The other day, we were at the Morell Library, getting library cards for the kids, and the librarian told me she needed our “from away address” on the forms we were filling out. Without batting an eye-lash, I rattled off our Toronto mailing address. We’ve been on the Island enough summers now to know what this curious grammatical comedy means.
But it later got me thinking…. Aren’t we all “from away”, in some sense?
As a teacher and a parent, I am constantly reminded of how disconnected I am from the world of the child. Although I once was an 8-year-old, it is the schema of my life experiences that informs my adult perspective on the world. The message I take in from a popular children’s movie like Toy Story 3 is coloured differently than the message my students or my own children take in from the same movie. Despite my previous experience as a child myself, my current self is simply too far removed from that past to shed the skin of adulthood fully in order to experience life as an 8-year-old.
In the eyes of anyone under about 20, I am very clearly “from away”!
As a Christian, I am also from away. Essentially “of my Father’s world”, not this earthly one, I am always and forever feeling a bit uneasy, restless here, waiting for Heaven.

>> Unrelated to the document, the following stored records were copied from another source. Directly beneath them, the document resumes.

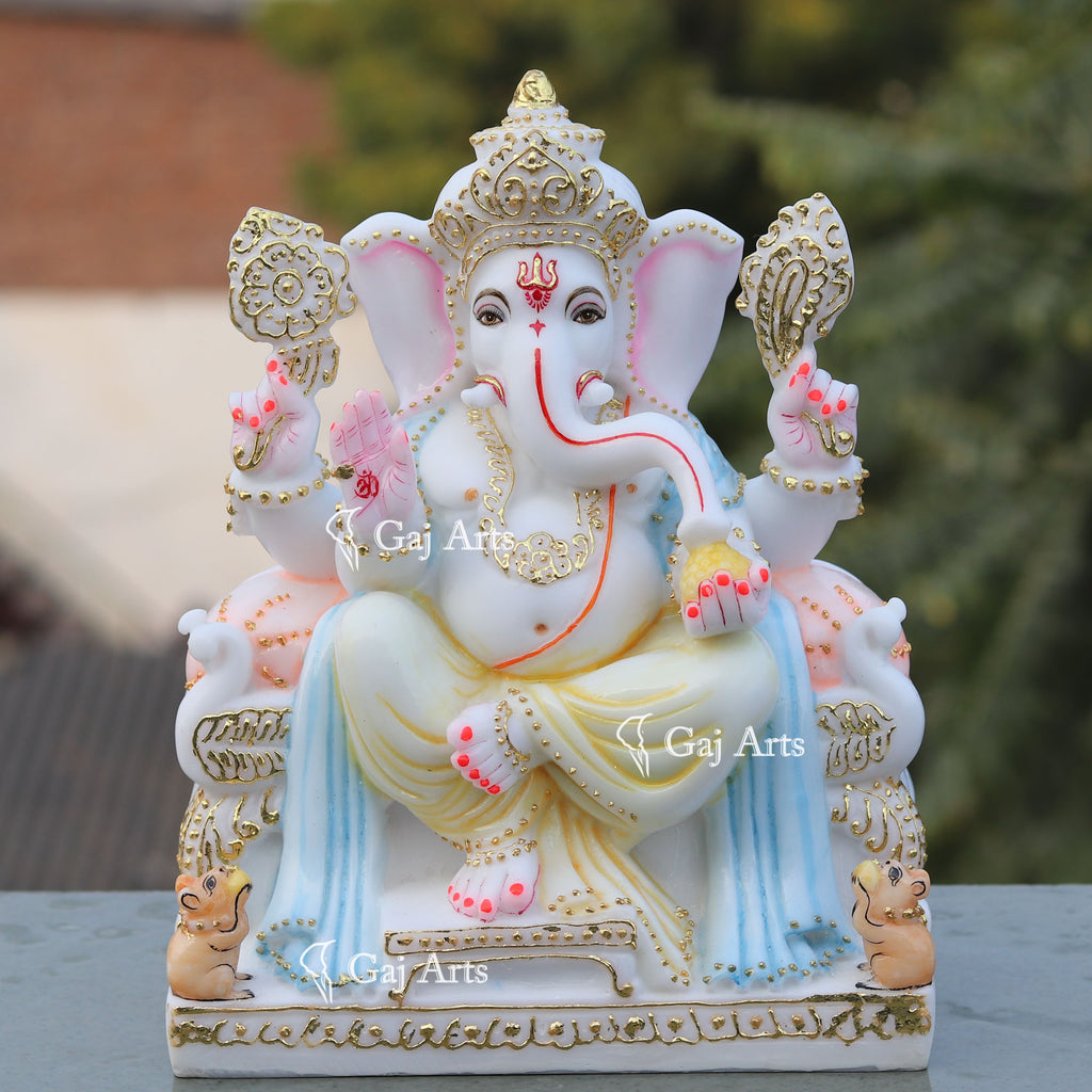 - Ganpati seating on a Singhasan Base (Throne) holding a Noose, an elephant goad,a lotus and a hand filled with his favorite sweets, laddus. Ganesh's vehicle; a Rat with modak is looking up to idol Ganesh .A bowl of Modak is there on the right side of idol.A beautiful Garland in neck of idol. Ganesh has a trident tattooed to his forehead, it’s used to symbolize the past, present, and future.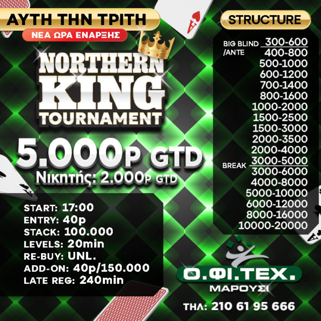 Ο.ΦΙ.ΤΕΧ.: Northern King στις 17:00 με 5.000p gtd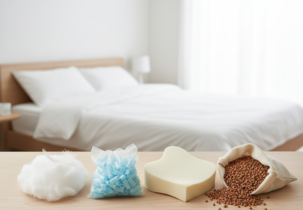 枕の硬さは、主に中材(枕の中身)の種類によって決まります。硬すぎる枕は頭が安定しにくく、圧迫感を感じることがあります。一方で柔らかすぎる枕は、頭が沈み込みすぎてしまい、首の支えが不十分になる可能性があります。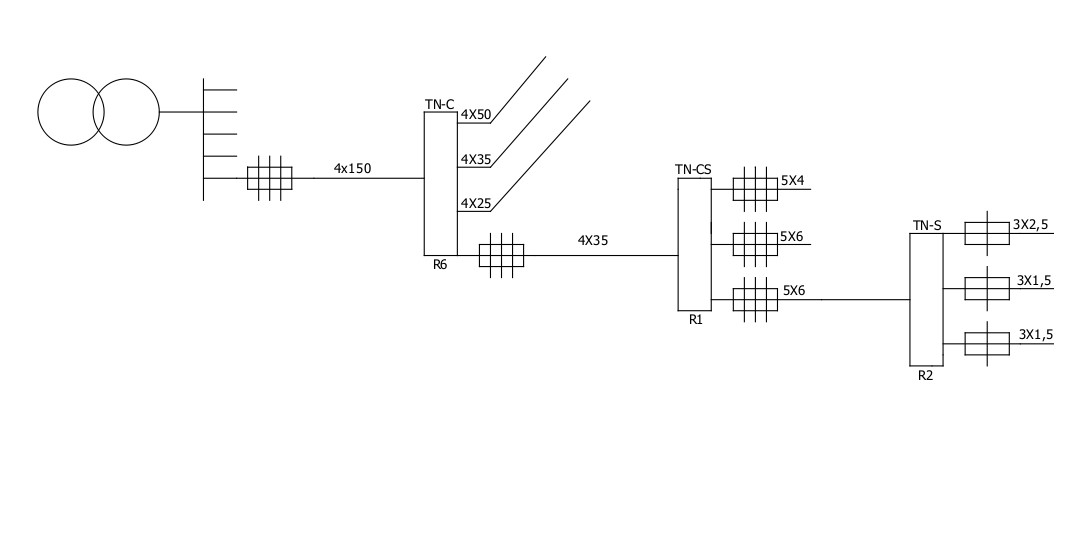 Figure 2 shows a branched electrical installation. The distribution board RG is supplied from the transformer station with a four-core cable (L1, L2, L3, PEN), and some sub-distribution boards are also supplied with four-core cables with a cross-section greater than 10 mm². Therefore, the label on the RG distribution board will be TN-C. The R1 distribution board is supplied with a four-core cable, and the smaller sub-distribution boards are supplied with five-core cables (L1, L2, L3, N, PE). The label on the R1 distribution board will be TN-C-S, as the PEN conductor is split into N and PE conductors at this board. A five-core cable with a cross-section smaller than 10 mm² supplies the sub-distribution board R2, from which various single-phase consumers with smaller cross-sections are powered. The label on this distribution board will be TN-S, as there is no PEN conductor at the input.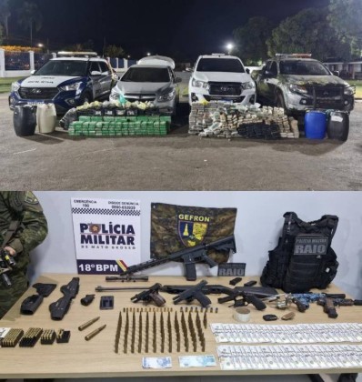 Dois homens foram presos em uma operação integrada em posse de um carregamento de entorpecentes e arsenal de armas em Pontes e Lacerda. A apreensão, avaliada em mais de R$ 8 milhões, aconteceu na quarta-feira (24).
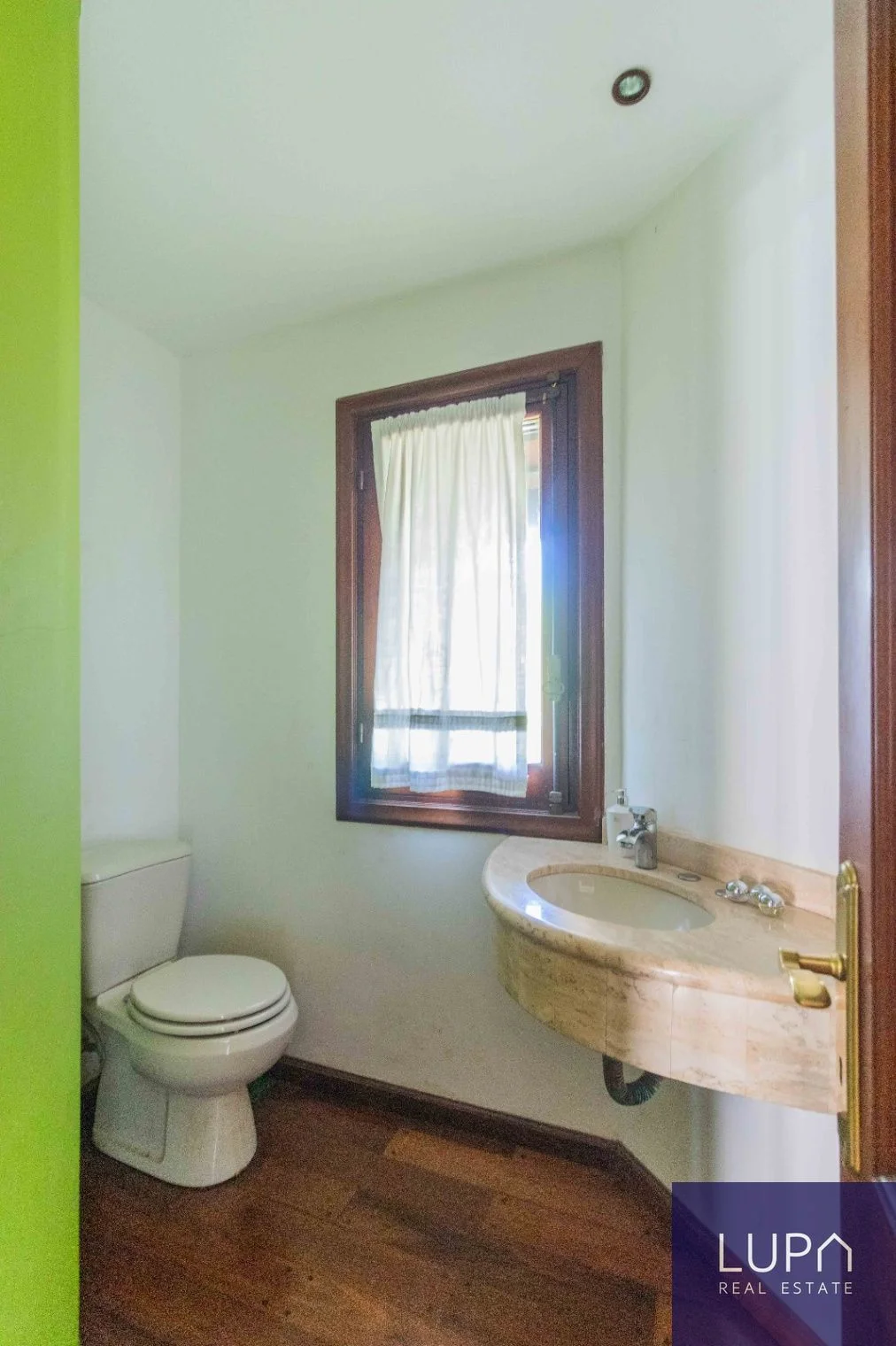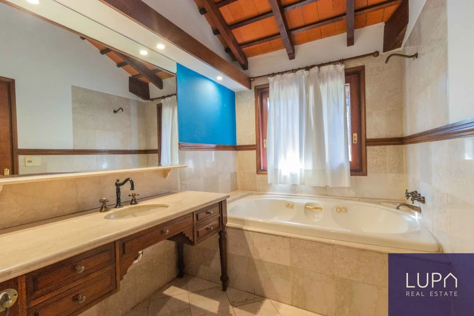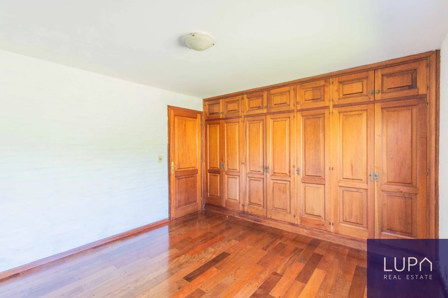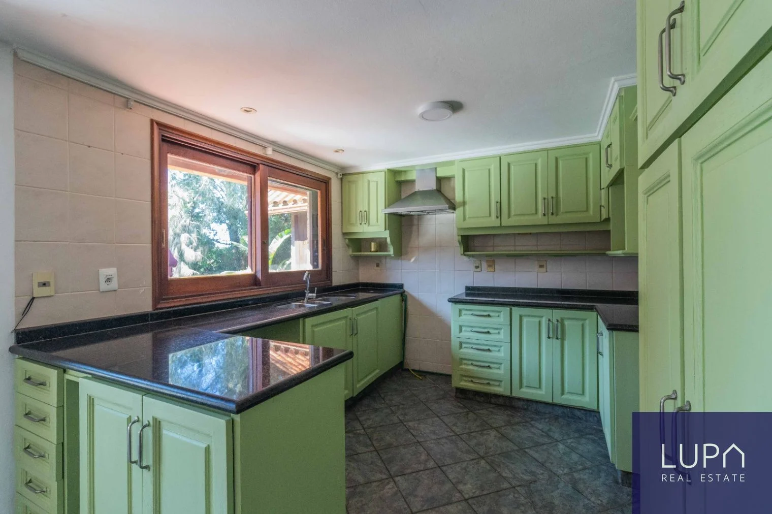 Los exteriores son igualmente atractivos: un jardín parquizado con piscina invita a disfrutar de los días soleados, mientras que el parrillero bajo pérgola ofrece el espacio perfecto para reuniones sociales. La propiedad cuenta con calefacción por losa radiante a gas y seguridad permanente.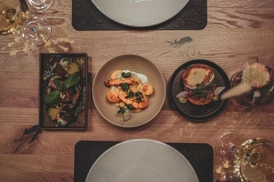 Ein kulinarisches Highlight erwartet die Gäste in 40 m Höhe: das Abendmenü mit zehn verschiedenen durchdachten Gerichten auf Food-Sharing-Plates für zwei.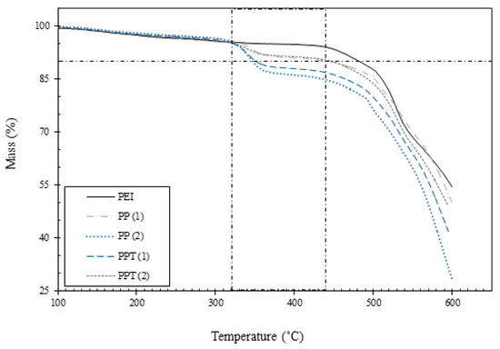 Furthermore, it was observed that the addition of PVAc to the PEI matrix resulted in a decrease in thermal properties as the proportion of the rubbery phase increased. In reference to the degradation temperature, neat PEI displayed a degradation temperature of 482 °C, which decreased to 340 °C for PP(2). These findings imply that adding rubbery PVAc to the glassy PEI matrix reduces its thermal properties. However, this trend was reversed with the addition of TiO2 into the blend membranes. The incorporation of 2 wt.% of TiO2 into the PEI–PVAc blend led to a recovery in the degradation temperature, which reached 450 °C. This indicates that an improvement in thermal stability was achieved by adding titanium to the blend membrane. Similar observations have been reported, such as the development of a polyethersulfone (PES) and PVAc blend membrane, which exhibited lower thermal stability compared to a plain PES membrane [20]. However, the addition of TiO2 reversed the thermal stability and restored it. These observations have also been reported in other studies [21].

When I first walked into the flight school where I am currently working on my PPL, I felt akward and strange. I did not know the lingo, could not fluently converse in the aviation world (I am semi-fluent now, three years later!) As I embarked on the 10-week ordeal that was Ground School there, and listened to my instructors chat with other students who were further along than I was in my training, it was quite apparent to me that I was “from away”!
I am sure many equally compelling examples exist that could serve to illustrate the wide-spread sense of “unbelonging” that the popular island descriptor enscapsulates. Being an outsider is an experience that most of us can relate to at some time or other in our lives.
That being said, I can’t help but wonder if the phrase “from away” is – rather than a cruel exclusionary idiom – a desperate attempt at affirming one’s belonging. After all, don’t we all yearn to be from “here”, wherever or whatever “here” happens to represent? Living on an island by necessity creates a very tightknit circle of co-dependence. Especially before the bridge was built, and in particular during the cold, harsh atlantic winters, PE Islanders counted on each other for basic needs. It is a tradition of community that continues even today. If you’re not “from away”, then you are part of a singular society, the PEI family.
And if you are "from away”, but are lucky enough to understand what that phrase means? Well then, chances are, you also belong to a very special group, those who have discovered this paradise, and claimed a small piece of it for themselves!